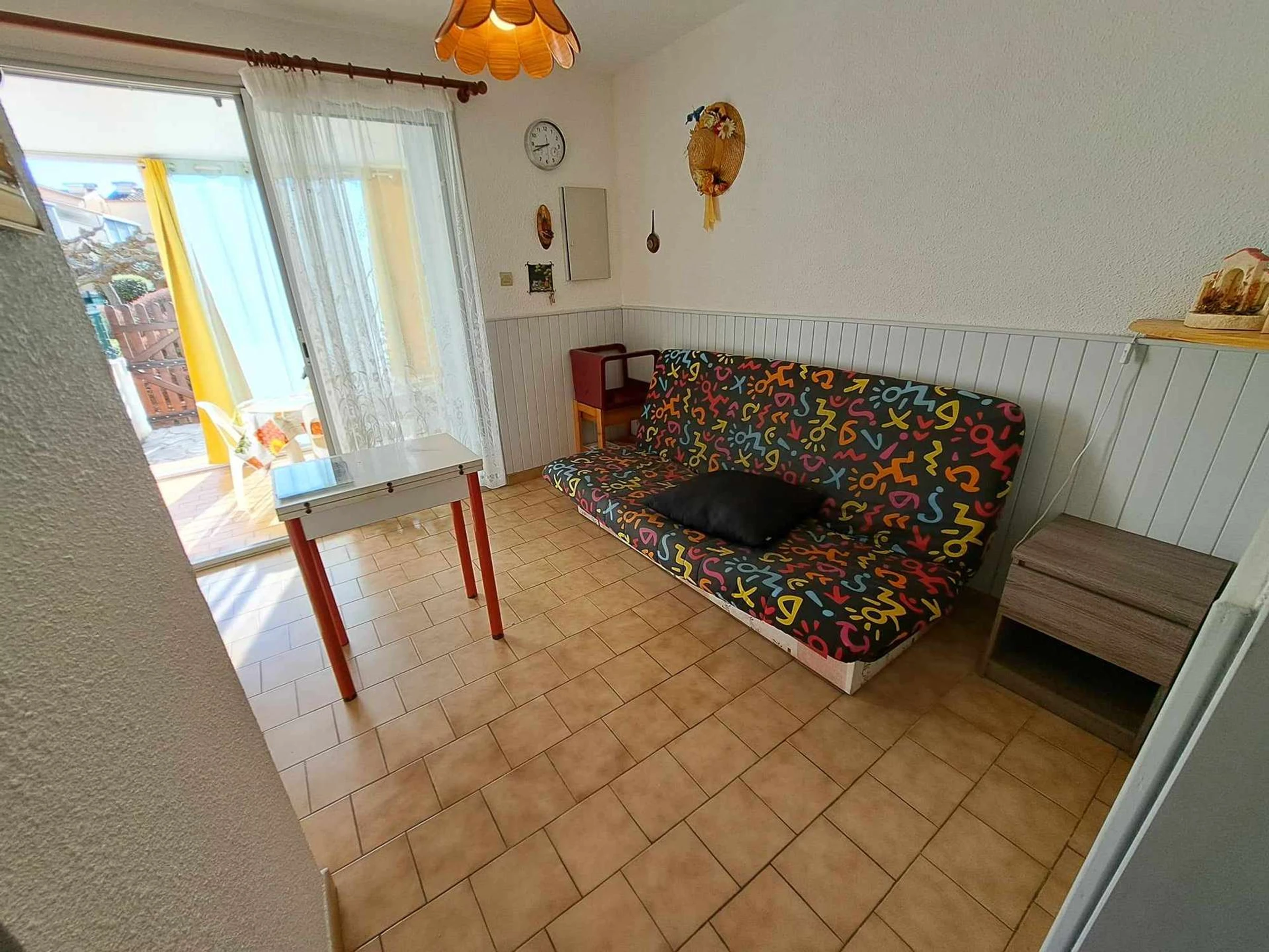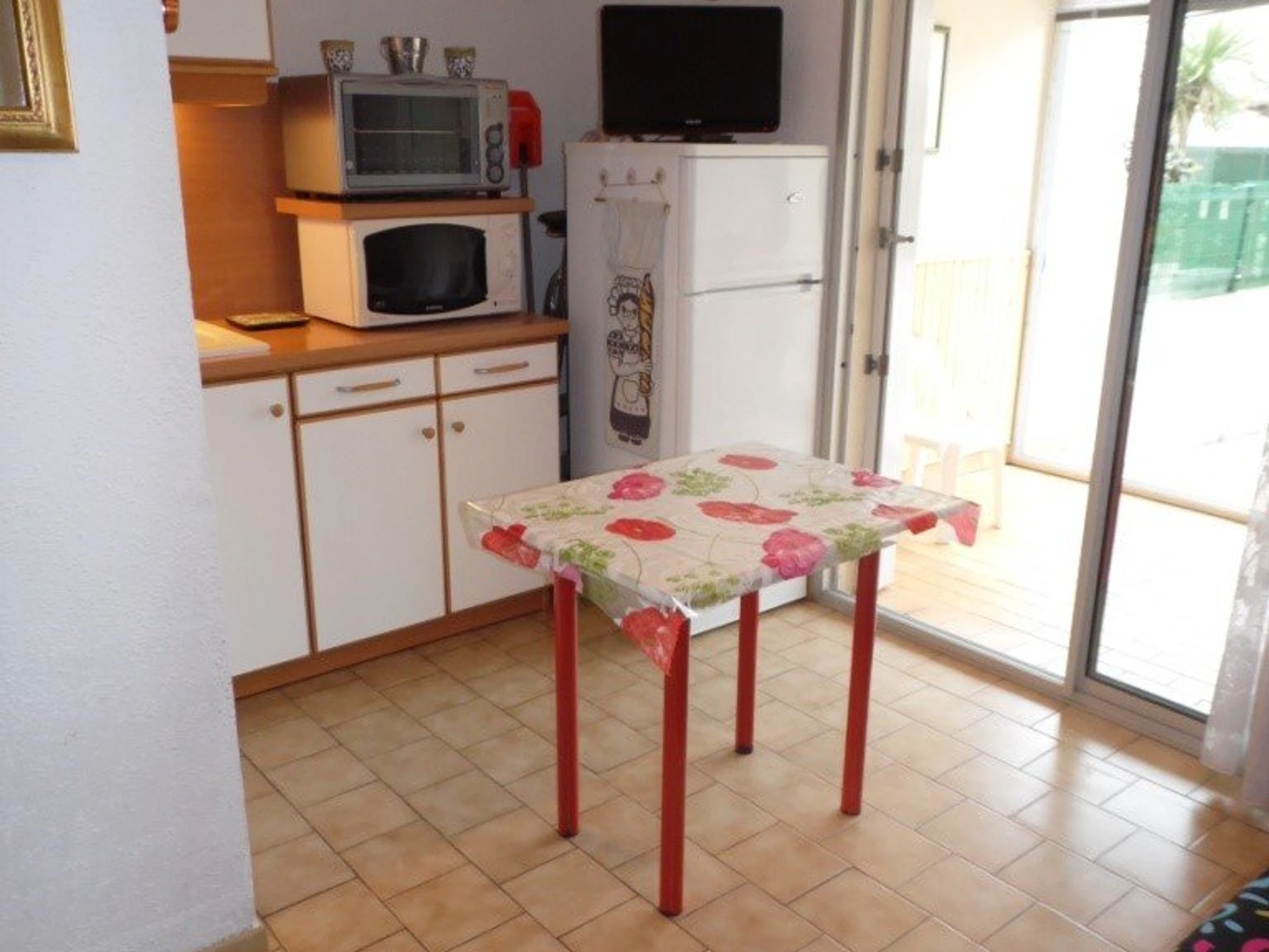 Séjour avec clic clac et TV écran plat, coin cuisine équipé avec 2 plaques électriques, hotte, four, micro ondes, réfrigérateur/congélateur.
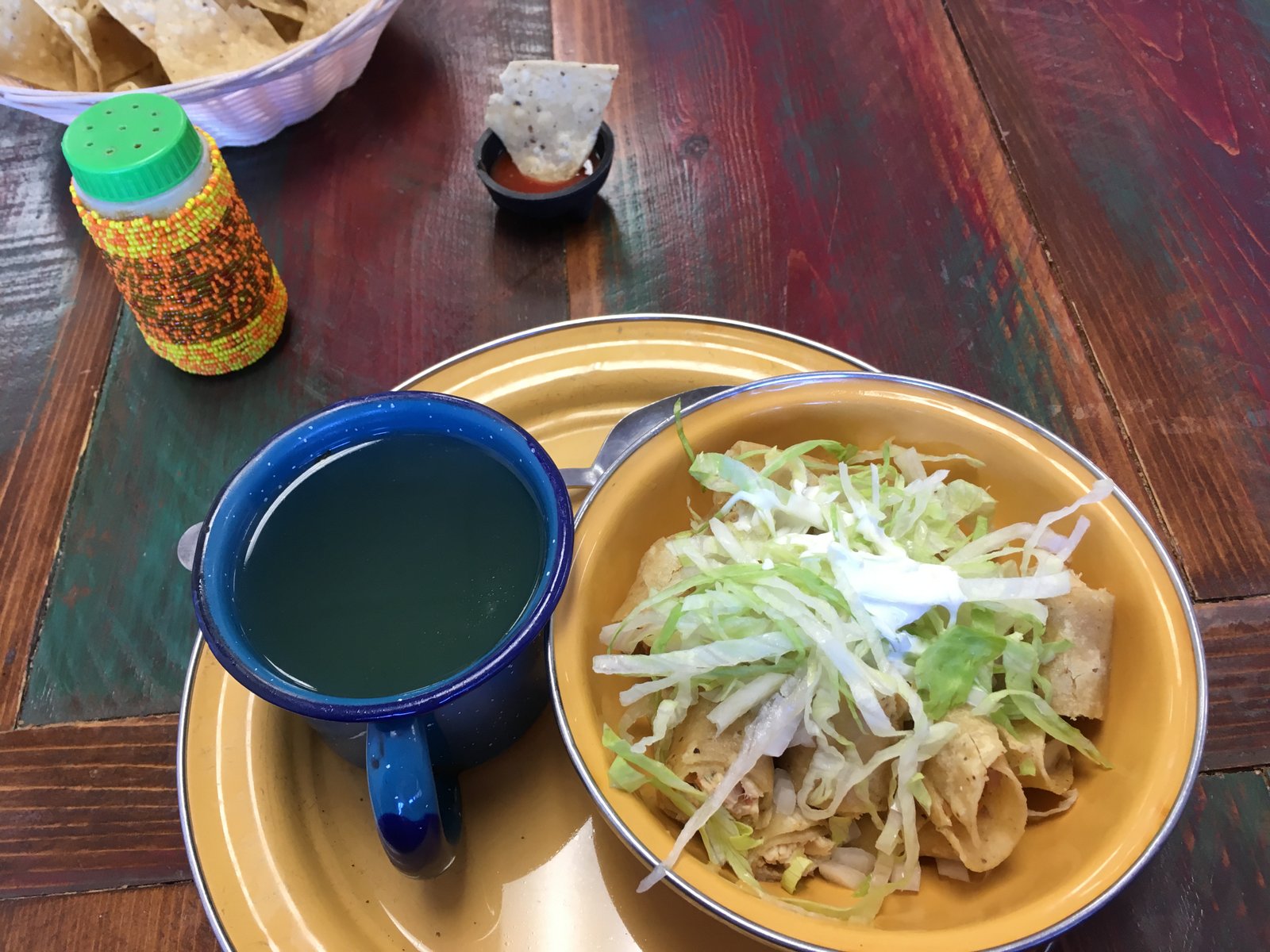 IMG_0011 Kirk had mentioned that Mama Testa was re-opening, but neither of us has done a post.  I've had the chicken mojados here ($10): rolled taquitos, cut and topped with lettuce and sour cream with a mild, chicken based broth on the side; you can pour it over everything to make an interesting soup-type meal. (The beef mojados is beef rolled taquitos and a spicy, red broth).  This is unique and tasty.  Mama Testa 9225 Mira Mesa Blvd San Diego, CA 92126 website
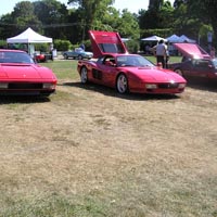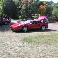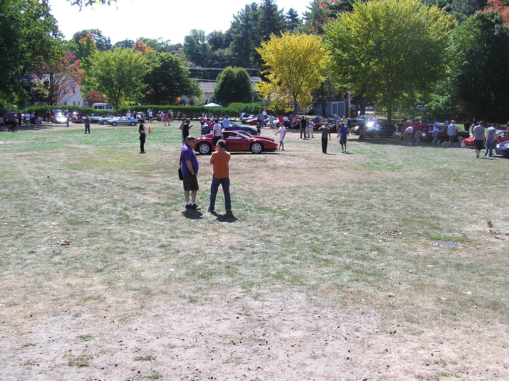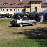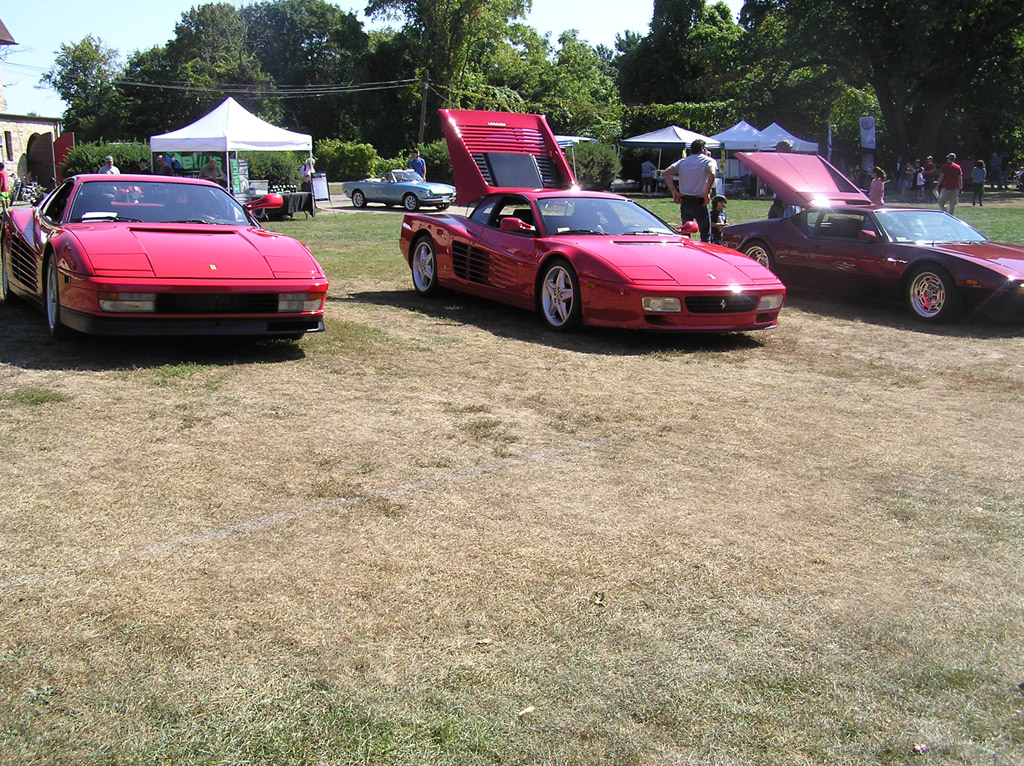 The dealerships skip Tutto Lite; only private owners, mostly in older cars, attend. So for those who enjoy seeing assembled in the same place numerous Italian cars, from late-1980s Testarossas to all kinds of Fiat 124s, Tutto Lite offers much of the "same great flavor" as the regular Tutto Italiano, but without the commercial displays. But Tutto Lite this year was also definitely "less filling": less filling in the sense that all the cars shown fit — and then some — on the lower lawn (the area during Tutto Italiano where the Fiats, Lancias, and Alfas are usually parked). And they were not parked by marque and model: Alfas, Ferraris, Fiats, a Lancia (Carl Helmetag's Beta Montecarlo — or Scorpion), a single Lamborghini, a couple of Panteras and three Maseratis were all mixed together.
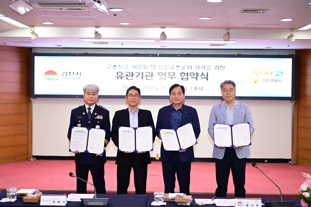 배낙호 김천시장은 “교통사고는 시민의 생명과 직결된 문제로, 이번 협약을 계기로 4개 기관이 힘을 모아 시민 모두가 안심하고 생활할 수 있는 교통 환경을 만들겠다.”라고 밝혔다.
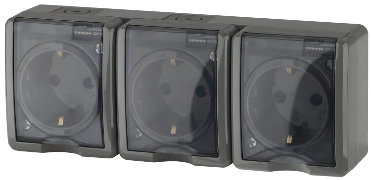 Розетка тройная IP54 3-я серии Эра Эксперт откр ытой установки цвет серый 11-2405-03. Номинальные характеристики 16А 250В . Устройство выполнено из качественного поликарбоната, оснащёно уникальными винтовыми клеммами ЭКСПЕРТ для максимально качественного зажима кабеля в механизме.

> _WHAT IS BEING ASKED_
Copy the entries precisely, images excluded.

> _THE COMPLETED TASK_
 Séjour avec clic clac et TV écran plat, coin cuisine équipé avec 2 plaques électriques, hotte, four, micro ondes, réfrigérateur/congélateur.
 IMG_0011 Kirk had mentioned that Mama Testa was re-opening, but neither of us has done a post.  I've had the chicken mojados here ($10): rolled taquitos, cut and topped with lettuce and sour cream with a mild, chicken based broth on the side; you can pour it over everything to make an interesting soup-type meal. (The beef mojados is beef rolled taquitos and a spicy, red broth).  This is unique and tasty.  Mama Testa 9225 Mira Mesa Blvd San Diego, CA 92126 website
 The dealerships skip Tutto Lite; only private owners, mostly in older cars, attend. So for those who enjoy seeing assembled in the same place numerous Italian cars, from late-1980s Testarossas to all kinds of Fiat 124s, Tutto Lite offers much of the "same great flavor" as the regular Tutto Italiano, but without the commercial displays. But Tutto Lite this year was also definitely "less filling": less filling in the sense that all the cars shown fit — and then some — on the lower lawn (the area during Tutto Italiano where the Fiats, Lancias, and Alfas are usually parked). And they were not parked by marque and model: Alfas, Ferraris, Fiats, a Lancia (Carl Helmetag's Beta Montecarlo — or Scorpion), a single Lamborghini, a couple of Panteras and three Maseratis were all mixed together.
 배낙호 김천시장은 “교통사고는 시민의 생명과 직결된 문제로, 이번 협약을 계기로 4개 기관이 힘을 모아 시민 모두가 안심하고 생활할 수 있는 교통 환경을 만들겠다.”라고 밝혔다.
 Розетка тройная IP54 3-я серии Эра Эксперт откр ытой установки цвет серый 11-2405-03. Номинальные характеристики 16А 250В . Устройство выполнено из качественного поликарбоната, оснащёно уникальными винтовыми клеммами ЭКСПЕРТ для максимально качественного зажима кабеля в механизме.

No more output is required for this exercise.